ACTIVITY: Please retype every record exactly as it appears, omitting the pictures.

Stored dataset items:
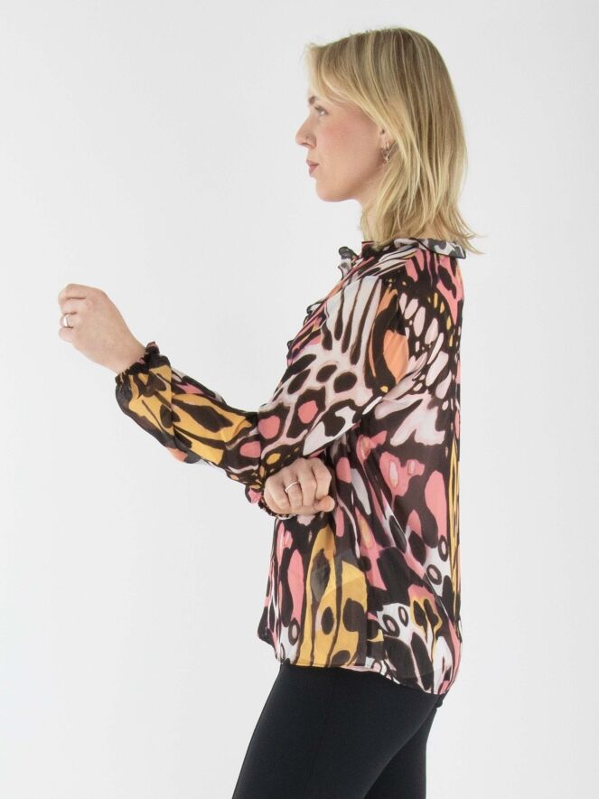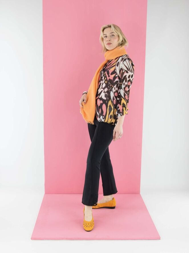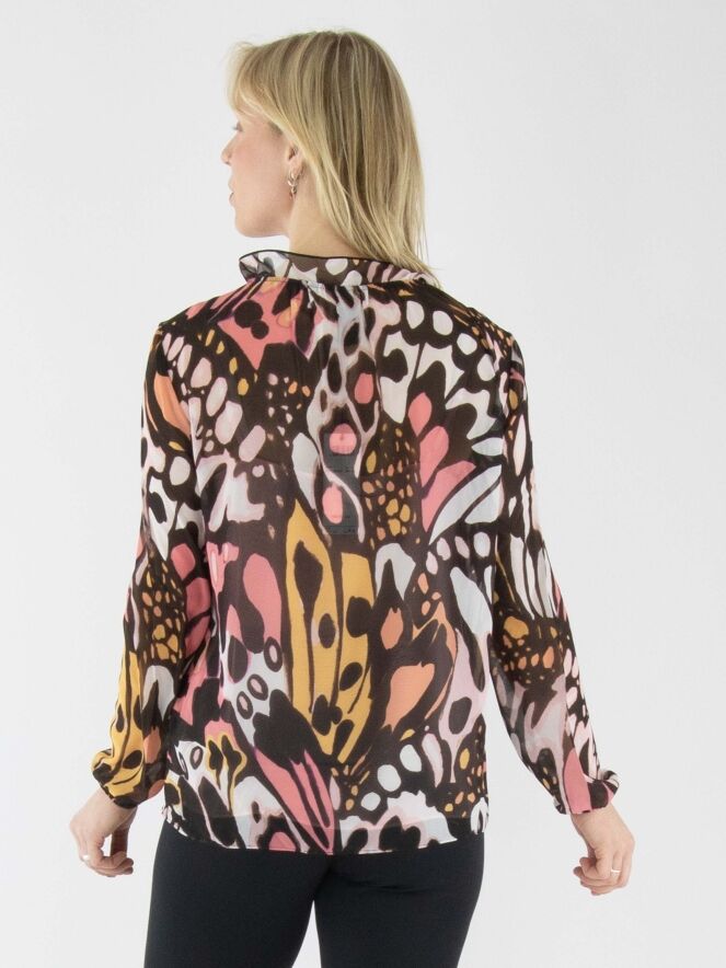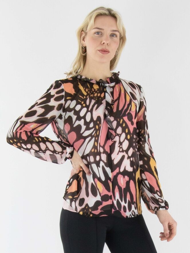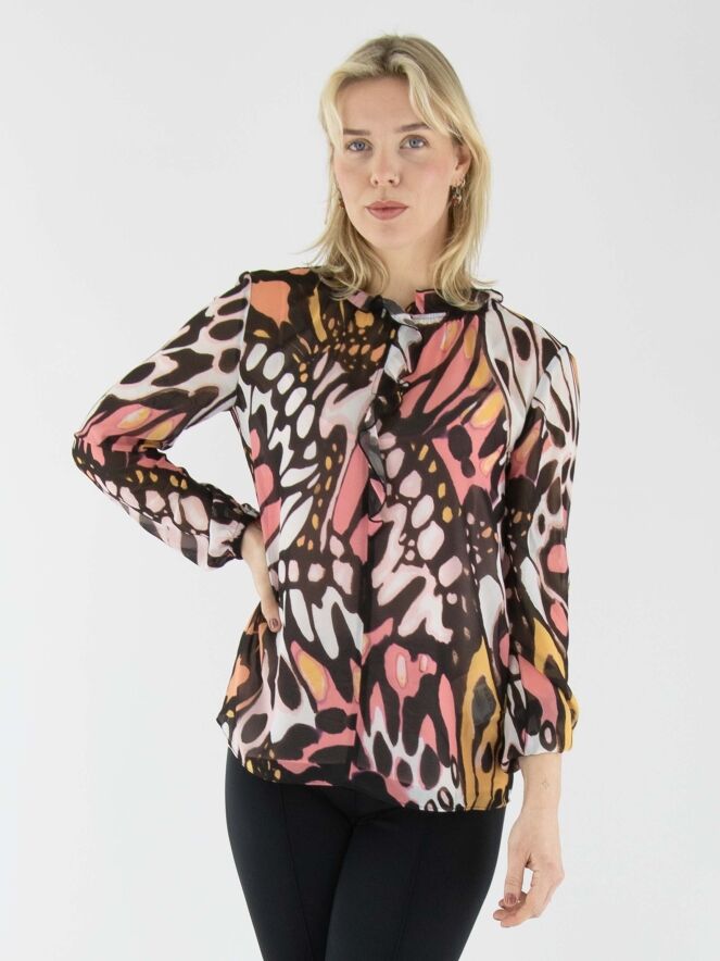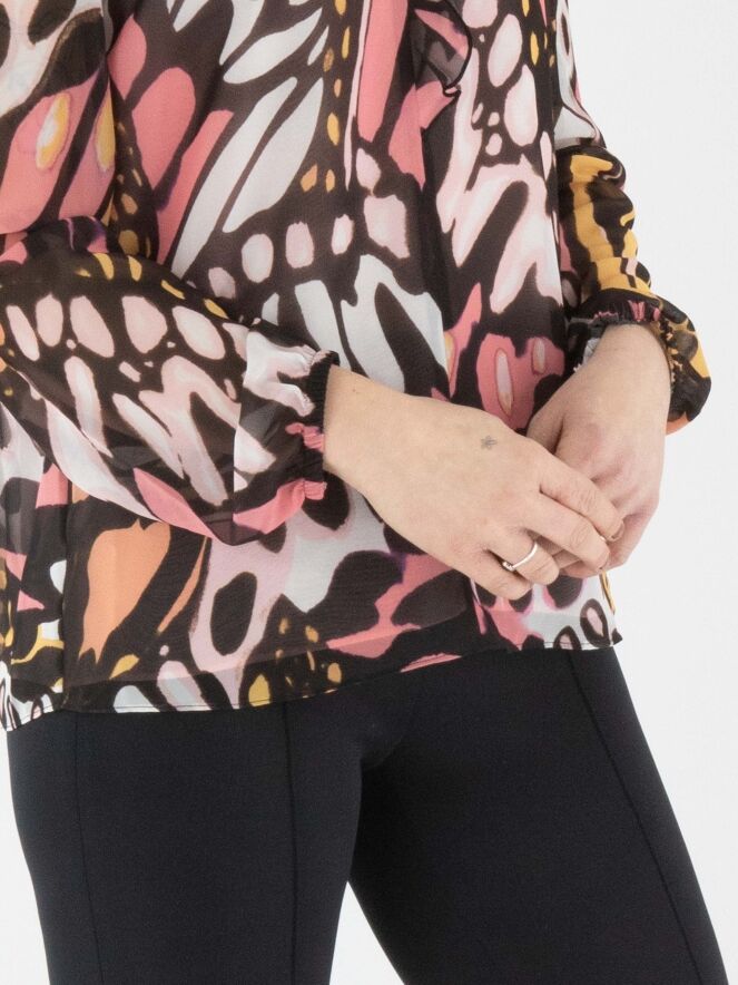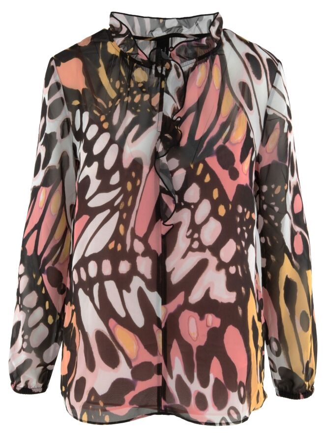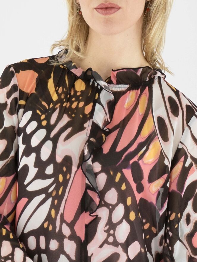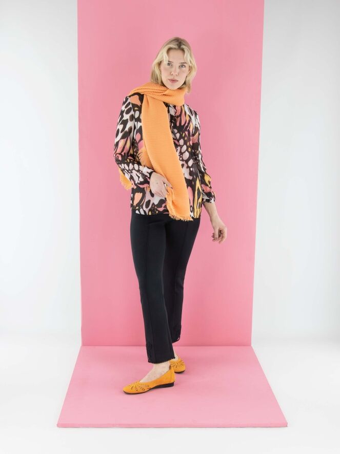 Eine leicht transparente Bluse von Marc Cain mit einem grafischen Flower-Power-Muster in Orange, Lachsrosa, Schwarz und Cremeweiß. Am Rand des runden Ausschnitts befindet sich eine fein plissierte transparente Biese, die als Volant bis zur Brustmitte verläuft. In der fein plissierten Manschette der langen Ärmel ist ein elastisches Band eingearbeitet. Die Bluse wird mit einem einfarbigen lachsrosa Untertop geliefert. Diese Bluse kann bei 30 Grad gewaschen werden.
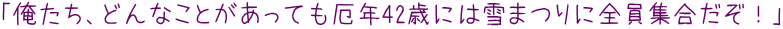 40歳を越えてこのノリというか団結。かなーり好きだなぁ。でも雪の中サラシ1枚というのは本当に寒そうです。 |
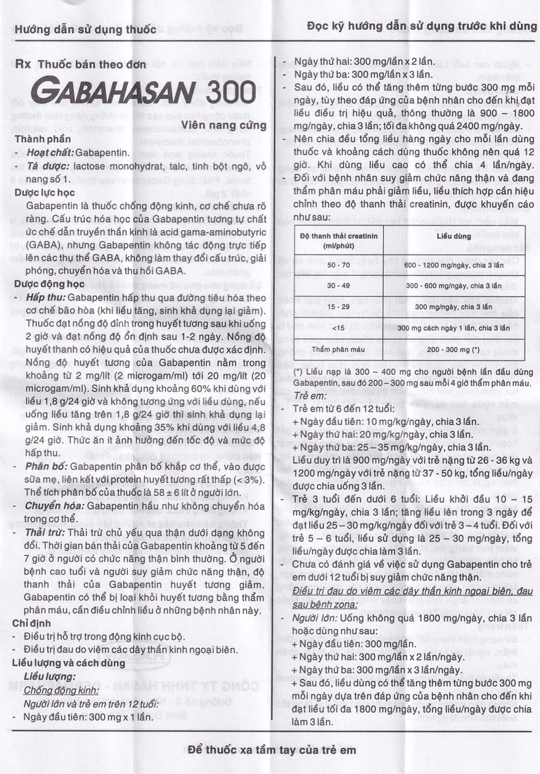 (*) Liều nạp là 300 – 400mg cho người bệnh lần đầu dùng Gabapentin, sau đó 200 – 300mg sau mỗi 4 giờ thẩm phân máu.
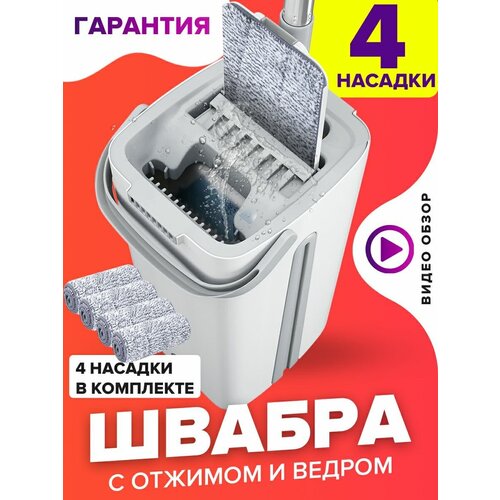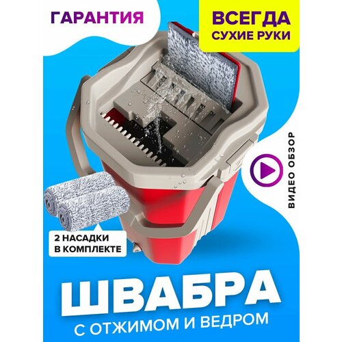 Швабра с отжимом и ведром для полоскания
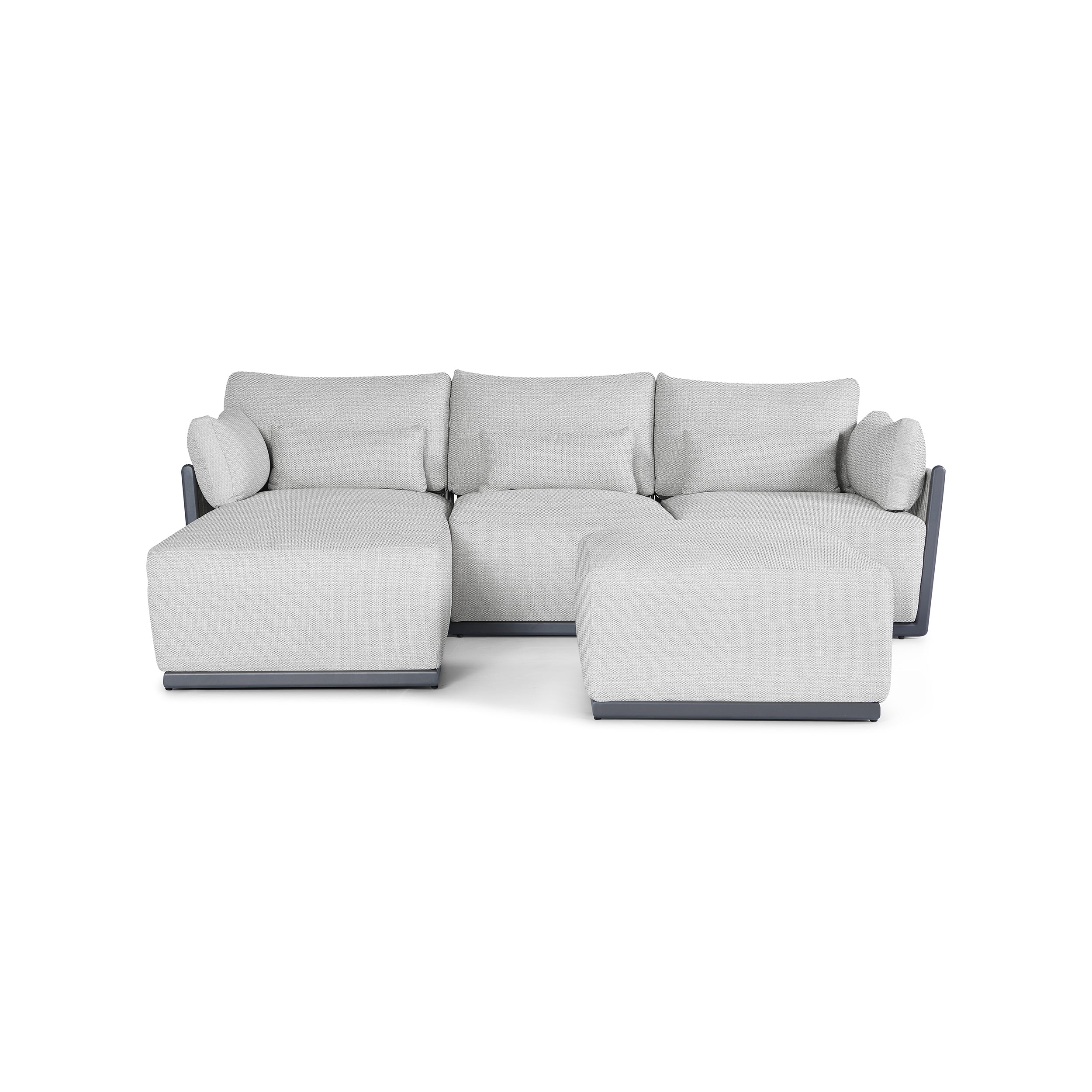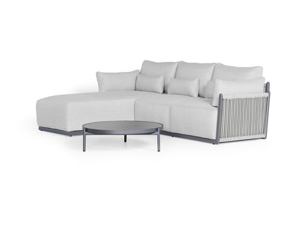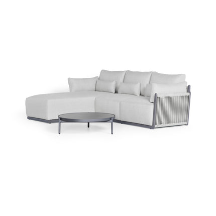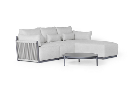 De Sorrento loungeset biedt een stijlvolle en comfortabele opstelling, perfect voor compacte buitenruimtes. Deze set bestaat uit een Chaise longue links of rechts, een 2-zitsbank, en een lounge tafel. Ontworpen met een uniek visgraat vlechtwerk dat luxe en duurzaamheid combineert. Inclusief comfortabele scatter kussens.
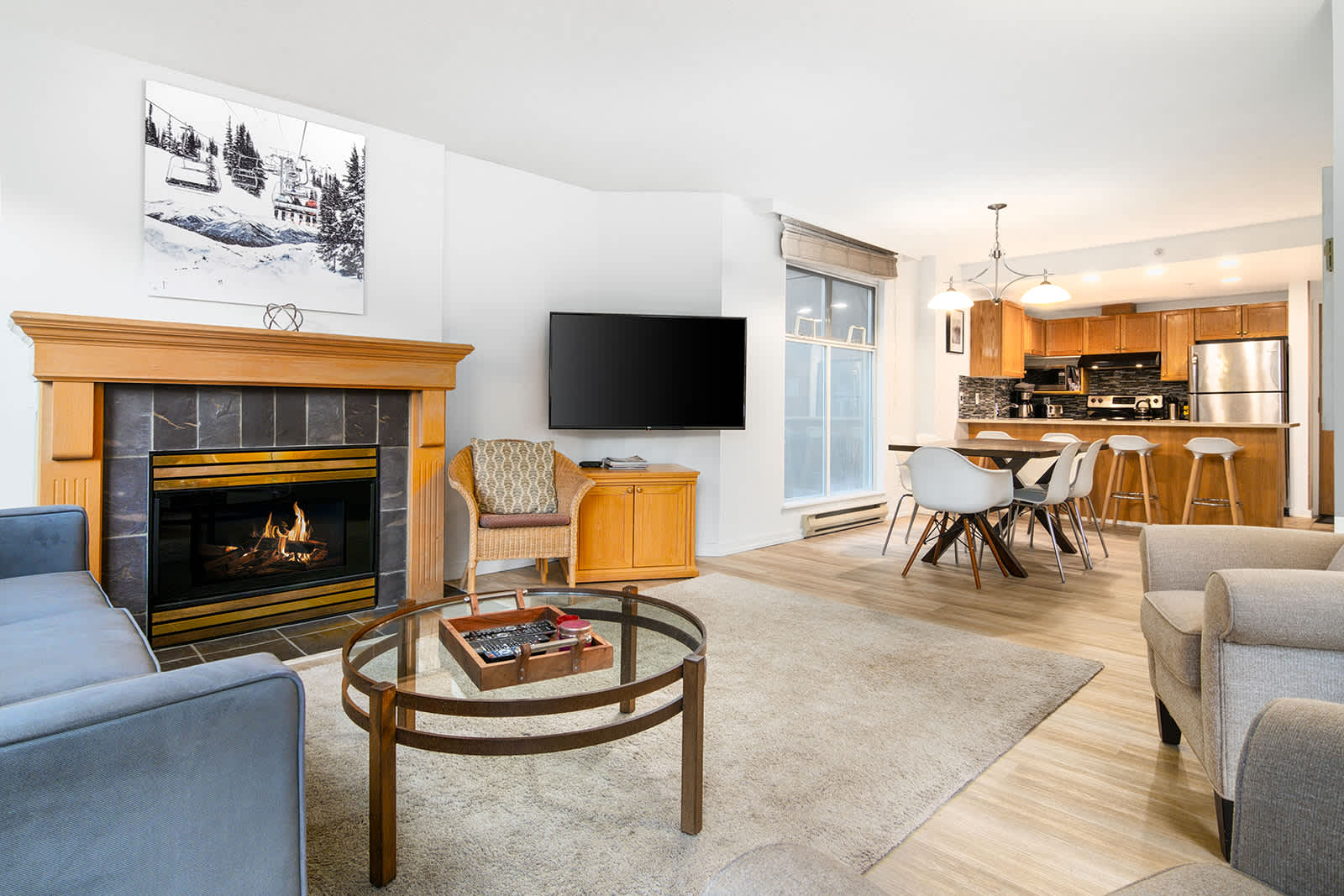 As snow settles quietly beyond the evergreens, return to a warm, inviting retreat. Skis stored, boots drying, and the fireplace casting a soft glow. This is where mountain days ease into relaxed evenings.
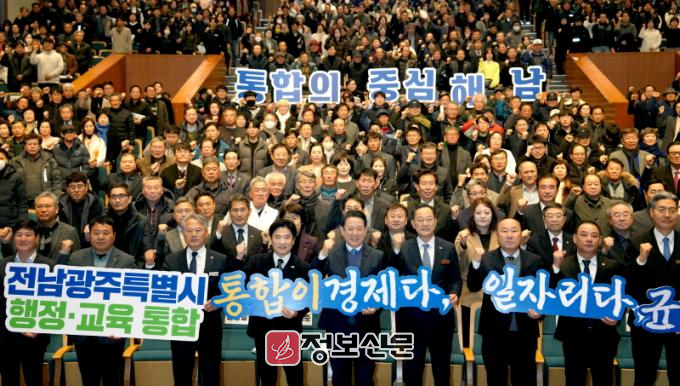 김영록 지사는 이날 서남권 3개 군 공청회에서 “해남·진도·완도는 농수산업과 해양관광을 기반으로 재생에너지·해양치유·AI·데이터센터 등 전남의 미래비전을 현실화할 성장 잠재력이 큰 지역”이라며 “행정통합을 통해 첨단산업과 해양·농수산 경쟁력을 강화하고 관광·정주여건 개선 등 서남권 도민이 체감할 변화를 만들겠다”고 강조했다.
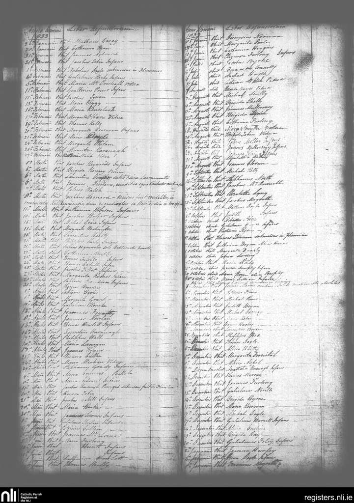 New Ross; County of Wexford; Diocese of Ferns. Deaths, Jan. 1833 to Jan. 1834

WRITTEN SOLUTION:
 Eine leicht transparente Bluse von Marc Cain mit einem grafischen Flower-Power-Muster in Orange, Lachsrosa, Schwarz und Cremeweiß. Am Rand des runden Ausschnitts befindet sich eine fein plissierte transparente Biese, die als Volant bis zur Brustmitte verläuft. In der fein plissierten Manschette der langen Ärmel ist ein elastisches Band eingearbeitet. Die Bluse wird mit einem einfarbigen lachsrosa Untertop geliefert. Diese Bluse kann bei 30 Grad gewaschen werden.
 40歳を越えてこのノリというか団結。かなーり好きだなぁ。でも雪の中サラシ1枚というのは本当に寒そうです。 |
 (*) Liều nạp là 300 – 400mg cho người bệnh lần đầu dùng Gabapentin, sau đó 200 – 300mg sau mỗi 4 giờ thẩm phân máu.
 Швабра с отжимом и ведром для полоскания
 De Sorrento loungeset biedt een stijlvolle en comfortabele opstelling, perfect voor compacte buitenruimtes. Deze set bestaat uit een Chaise longue links of rechts, een 2-zitsbank, en een lounge tafel. Ontworpen met een uniek visgraat vlechtwerk dat luxe en duurzaamheid combineert. Inclusief comfortabele scatter kussens.
 As snow settles quietly beyond the evergreens, return to a warm, inviting retreat. Skis stored, boots drying, and the fireplace casting a soft glow. This is where mountain days ease into relaxed evenings.
 김영록 지사는 이날 서남권 3개 군 공청회에서 “해남·진도·완도는 농수산업과 해양관광을 기반으로 재생에너지·해양치유·AI·데이터센터 등 전남의 미래비전을 현실화할 성장 잠재력이 큰 지역”이라며 “행정통합을 통해 첨단산업과 해양·농수산 경쟁력을 강화하고 관광·정주여건 개선 등 서남권 도민이 체감할 변화를 만들겠다”고 강조했다.
 New Ross; County of Wexford; Diocese of Ferns. Deaths, Jan. 1833 to Jan. 1834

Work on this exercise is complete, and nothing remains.